I have it. Is it the Bible of cook books? Probably one of them. I think that EVERY cook, chef or those who aspire to be should have that one, The Larouse Gastromenic(sp) and the meat buyers guide. There are probably more that are necessary but I've found these three suit me well. Just my opinion though.


----------



## mirepoix man (Jan 26, 2002)

Think of both La Guide Culinaire and Larousse Gastronomique as cooking encyclopedias full of classical references. Along those lines you might want to consider Le Repetoire de la Cuisine as well as Herring's Dictionary of Classical and Modern Cookery. Remember..you can never have enough reference books!!


----------



## shawtycat (Feb 6, 2002)

I keep hearing about Harold McGee's On Cooking: The Science and Lore of the Kitchen? Is this book good for reference too?


----------



## kokopuffs (Aug 4, 2000)

A salesperson told me that McGee is Shirley Corriher's mentor and that his book is a "must". I plan to get it soon.


----------



## mudbug (Dec 30, 1999)

ShawtyCat,

If you search (upper right hand corner of your screen) for "Escoffier" you'll find there are 60 different threads (topics) which refer to Escoffier. Browse them and you'll find a wealth of input.

kokopuffs,

Yes, you're referring to *Cookwise* it's a wonderful addition, there are also many references to Shirley Corriher's book  here at Cheftalk.
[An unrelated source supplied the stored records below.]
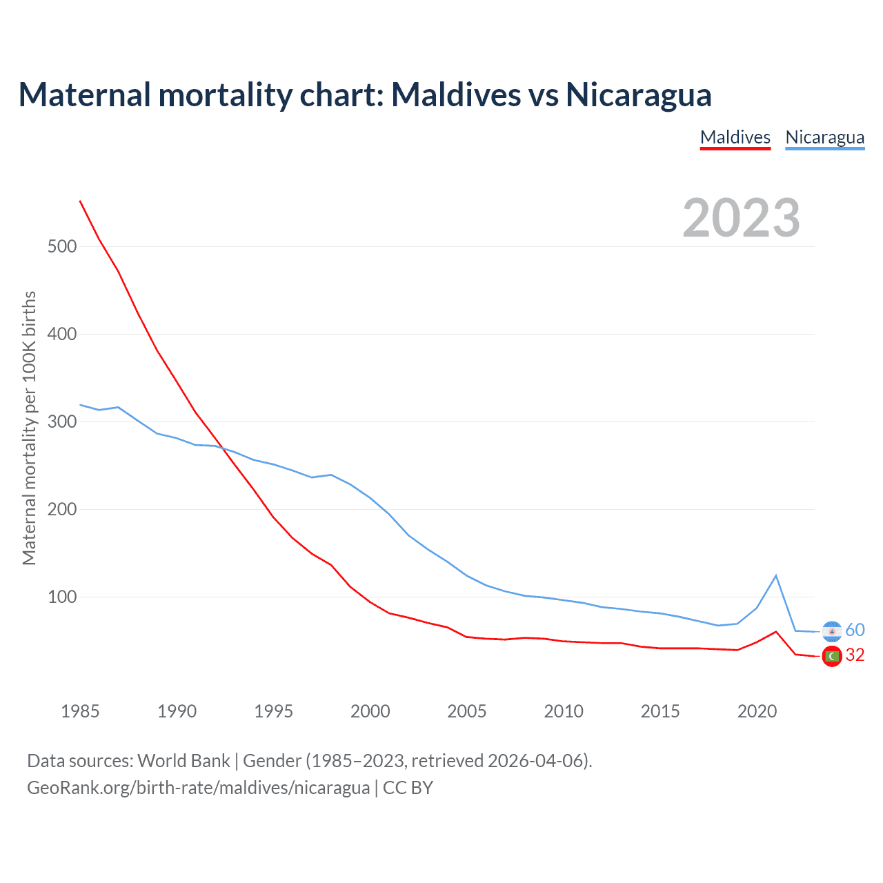 The maternal mortality rate, which is the probability of dying during childbirth or within 42 days of pregnancy termination, is 32 deaths per 100,000 live births in Maldives, compared to 60 deaths in Nicaragua.
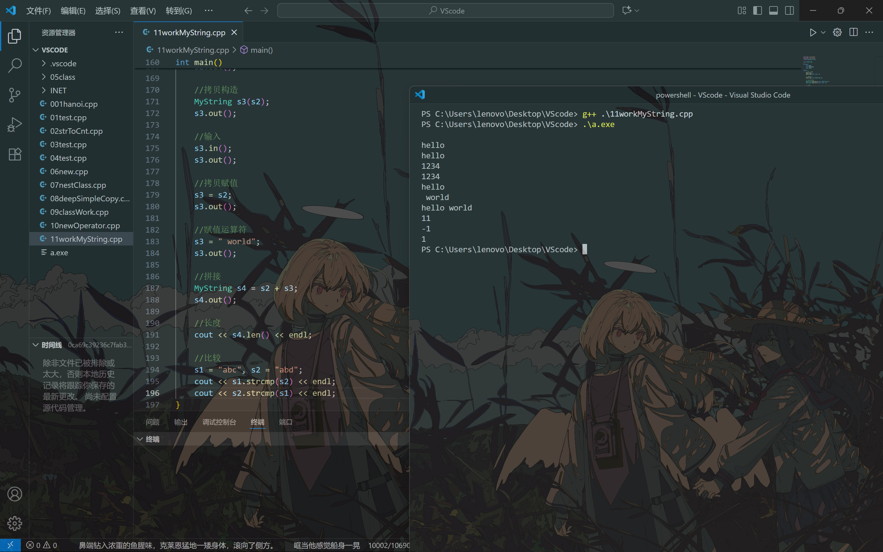{//无参构造 MyString s1;s1.out();//有参构造MyString s2("hello");s2.out();//拷贝构造MyString s3(s2);s3.out();//输入s3.in();s3.out();//拷贝赋值s3 = s2;s3.out();//赋值运算符s3 = " world";s3.out();//拼接MyString s4 = s2 + s3;s4.out();//长度cout << s4.len() << endl;//比较s1 = "abc", s2 = "abd";cout << s1.strcmp(s2) << endl;cout << s2.strcmp(s1) << endl;
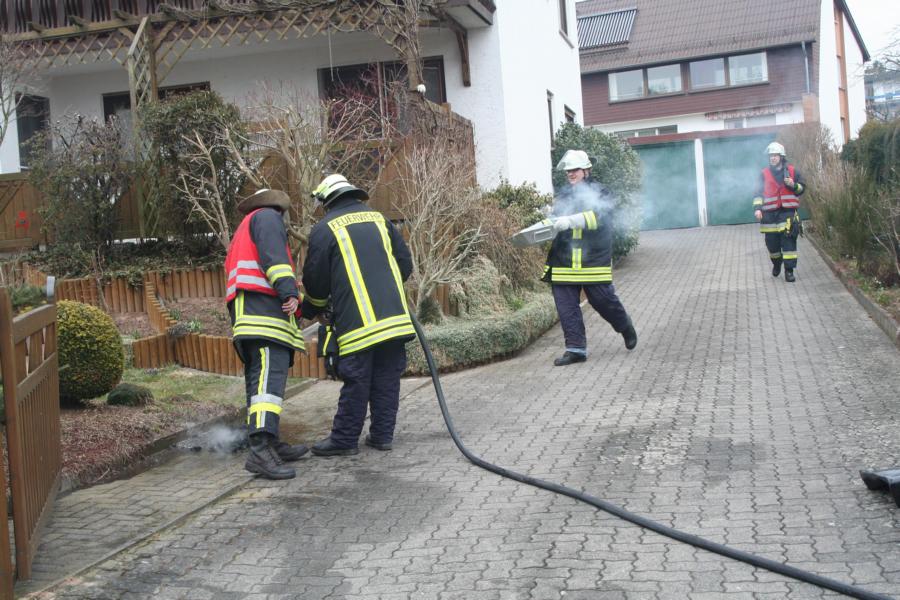 Hinweis der Feuerwehr: Sollten sie in ihrer Wohnung einen Kaminbrand bemerken, bitte sofort den Notruf absetzen. In keinem Fall selbst mit Wasser löschen, dadurch entsteht Explosionsgefahr. In dem brennenden Kamin herrschen ca. 1000 Grad C. Aus einem Liter Wasser entwickeln sich 1700 Liter Wasserdampf. Dies könnte unter Umständen für jeden ohne die erforderlichen Kenntnisse zu einer tödlichen Falle werden.
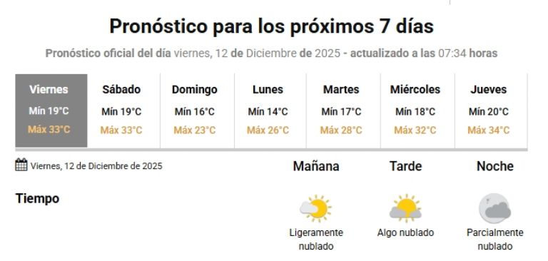 El pronóstico del tiempo para este viernes indica poca nubosidad y vientos moderados provenientes del noreste. Las condiciones en general se presentarán con una mejora respecto a días anteriores, garantizando un día soleado en gran parte del territorio.
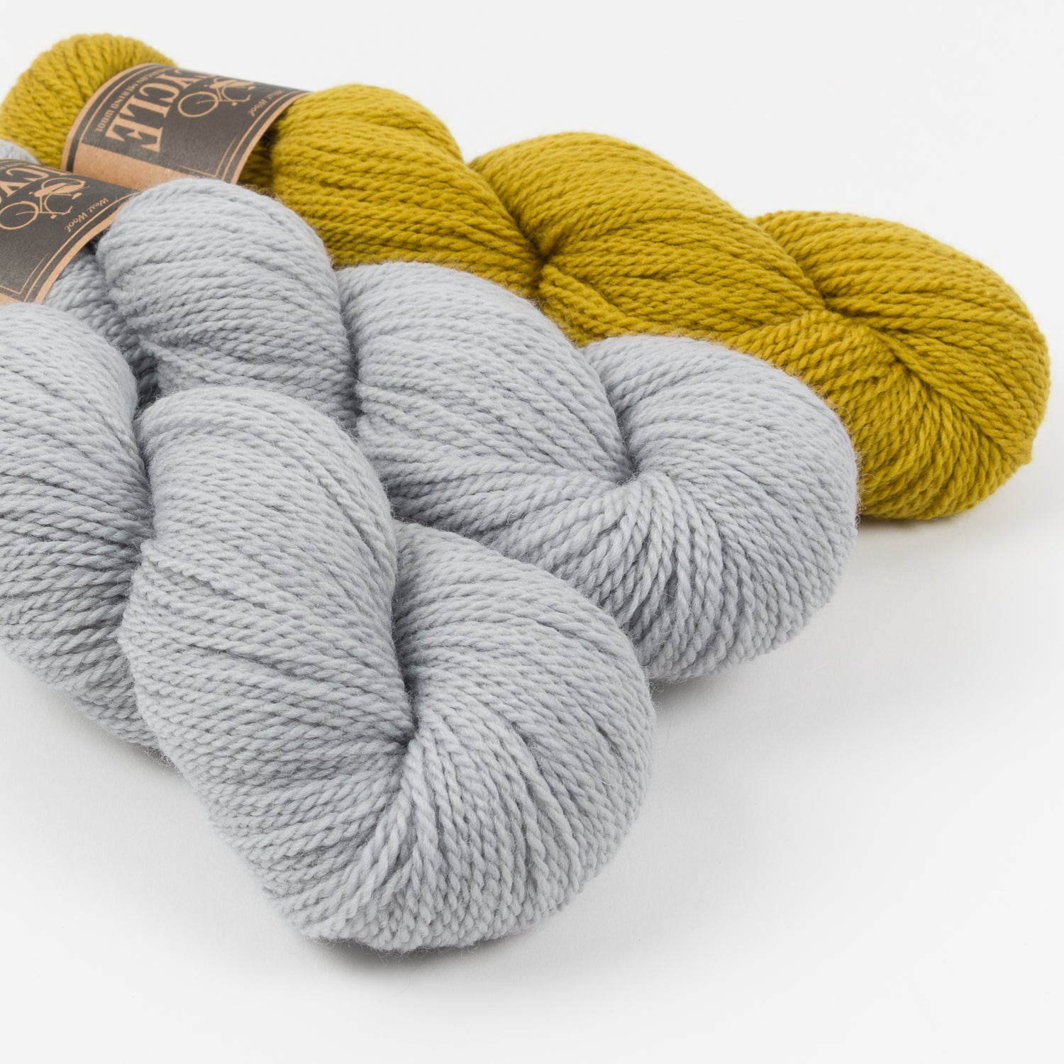 This gorgeous kit from West Wool contains six skeins of fingering weight yarn in two beautiful colours. If you need some inspiration, they can be used to knit any of these Westknits shawls
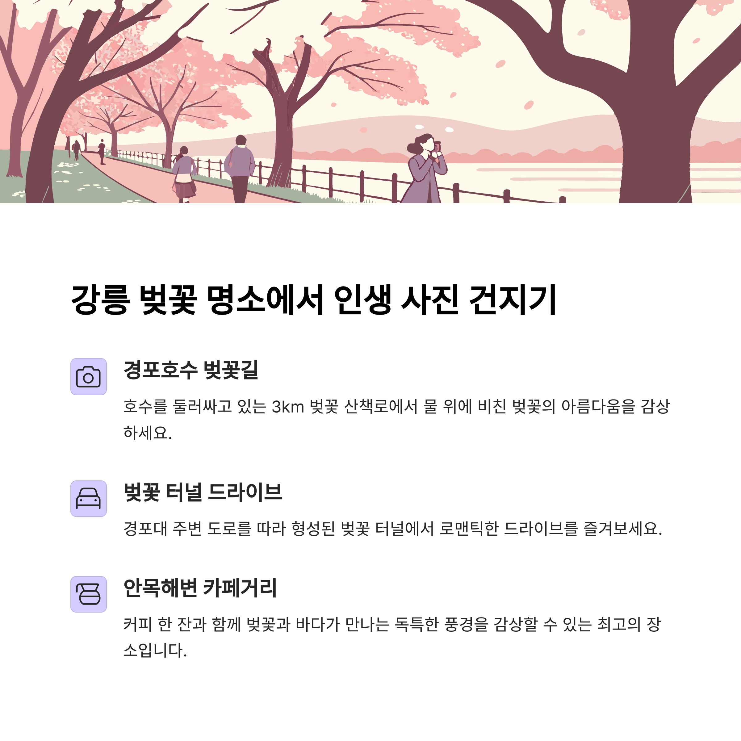 - 경포호수 둘레길: 벚꽃 터널로 유명한 산책 명소
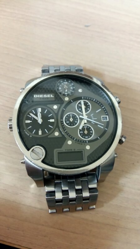 시계 안에 4개 있는데 1개만 약 있고 나머지는 약이 없어요 오른쪽 큰 시계 조정 나사 고장이고여 액정에 금 가있어요 시간보는데 큰 지장은 아니고 그냥 전투용이나 패션용으로 쓰실 분 사가세요 원가 40인가? 백화점에서 샀는데 험하게 썼네요 ㅠ
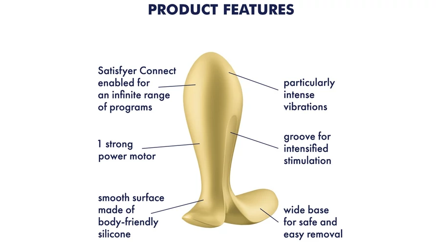 Prémium minőségű, bőrbarát anyagból készített, okostelefonról is irányítható, ergonómiailag kialakított, halk működésű uniszex fenékdugó a díjnyertes Satisfyer Connect alkalmazással. 12 rezgési móddal rendelkezik, melyek a fenékdugó egész területén érezhetőek. Az applikáció segítségével egyedi funkciókat lehet alkotni, akár zenei ritmusból (pl. Spotify), saját vagy párunk hangjából vagy környezeti zajokból is, amelyeket meg is lehet osztani másokkal. Biztonságos video chat kapcsolatot is kezdeményezhet, így akár partnere is irányíthatja az eszközt, miközben láthatják is egymást. Természetesen applikáció nélkül is használható a hagyományos módon, kezdőknek is ajánlott.
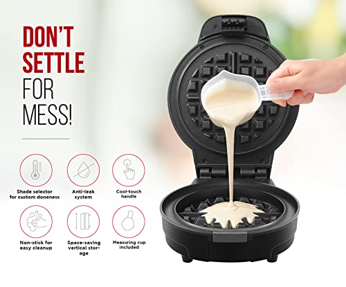 Chefman Anti-Overflow Belgian Waffle Maker w/Shade Selector, Temperature Control, Mess Free Moat, Round Iron w/Nonstick Plates & Cool Touch Handle, Measuring Cup Included, Black
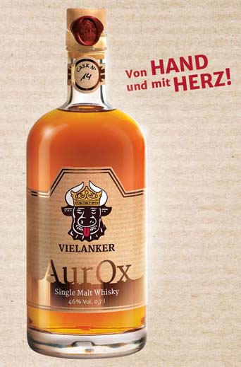 | | Der erste Whisky wurde im März 2008 gebrannt. Eingelagert am 29.04.2008 in ein Ex-Bourbon-Fass, lagert es seit dieser Zeit in unserer Schatzkammer. Die ersten 100 Flaschen aus dem Fass Nr.1 sind Ende Mai 2011 zur Präsentation am 10.06.2011 abgefüllt worden. Der Abend war ein voller Erfolg, da auch der Zuspruch und die positive Bewertung von einigen Whiskykennern die Anspannung abklingen ließen. Für einen Single Malt mit 3Jahren ist er mild mit einer wundervollen Malznote und deutlicher Vanille und man bescheinigte ihm gute Anlagen für die Zukunft. - Nicht kühlgefiltert - Ohne Farbstoff - Einzelfassabfüllung - Mit Flaschennummer und Signiert. In den Holzgriffkorken wird eine Nummer eingebrannt die sich wie folgt zusammensetzt. - W = Whisky - 02 = Fassnummer - 01 = Jeweilige Abfüllung aus dem Fass Da jedes Fass separat abgefüllt wird, fängt es auch immer mit der Flaschennummer 001 an. Diese steht dann auf dem Rückenetikett mit der Unterschrift des Leiters der Brennerei - Henry Schwerk. So kann jeder genau nachvollziehen welche Flasche aus welchem Fass er hat. Der Holzgriffkorken ist mit einem Siegel gesichert. Das Siegel ist das Wappentier, der Auerochse. | |
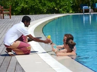 Перелет от Мале 1ч 30 м и еще 10м на катере. В Мале надо ждать часа 3 самолета так как он ходит 3 раза в день по расписанию. Для ожидания вас отвезут в кафе у гидросамолетов, где предложат напитки и если надо бутерброды.
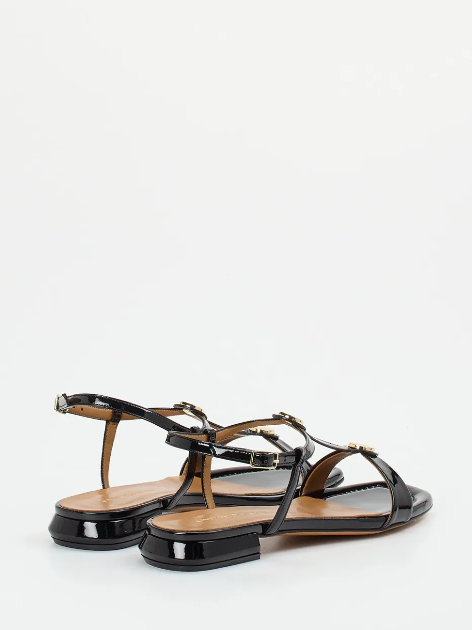 Diese Sandale vereint hochglänzendes Lackleder mit eleganten Goldakzenten – ein stilvolles Highlight im Zeichen des Quiet Luxury. Die flache Form und dezente Carré-Leiste runden das Design urban ab.
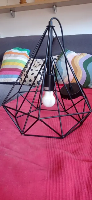 Lámpara colgante con un diseño moderno y geométrico. - Estructura de metal negro. - Bombilla LED incluida. Solo 10€, hago envíos.
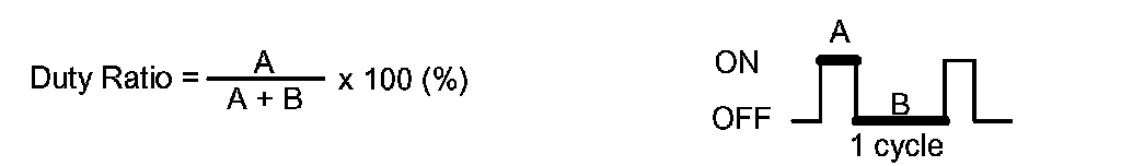 The duty ratio is the ratio of the period of continuity in one cycle. For example, if A is the period of continuity in one cycle, B is the period of non-continuity.

You may enjoy browsing the following threads:

Top 10 Cooking / Recipe Books

Referrence Works

The books you can't do without

Cookbooks!

Opinions On Rebuilding my Cookbook Library

Looking for some books

Hello. New here and seeking advice.


----------



## kokopuffs (Aug 4, 2000)

IMHO:

I just acquired THE PROFESSIONAL CHEF 7'th ed. and consider to be the foundation of cooking. Once basic principles have been learned then Escoffier's book should be utilized for recipes and inspiration. Both are great books, nonetheless.


----------



## jnovak7 (Feb 7, 2002)

I use Le Guide Culinaire for one of my classes and I like it, it is different and infomative. Its nice of you want to see how things are classically prepared in comparsion to modern techniques. I recommend that you pick it up, it's worth it.


----------



## shawtycat (Feb 6, 2002)

Ive already spent my $160 allowance for this year and was sending my family my yearly birthday wish list. (no more ugly sweaters to return) Ive got the Cooking Essentials for the New Professional Chef, Art of the Garde Manger, Culinary Math, Fish and Shellfish, The New Making of A Cook and Timing is Everything. Those lists in previous posts will help alot. Thanks again.


----------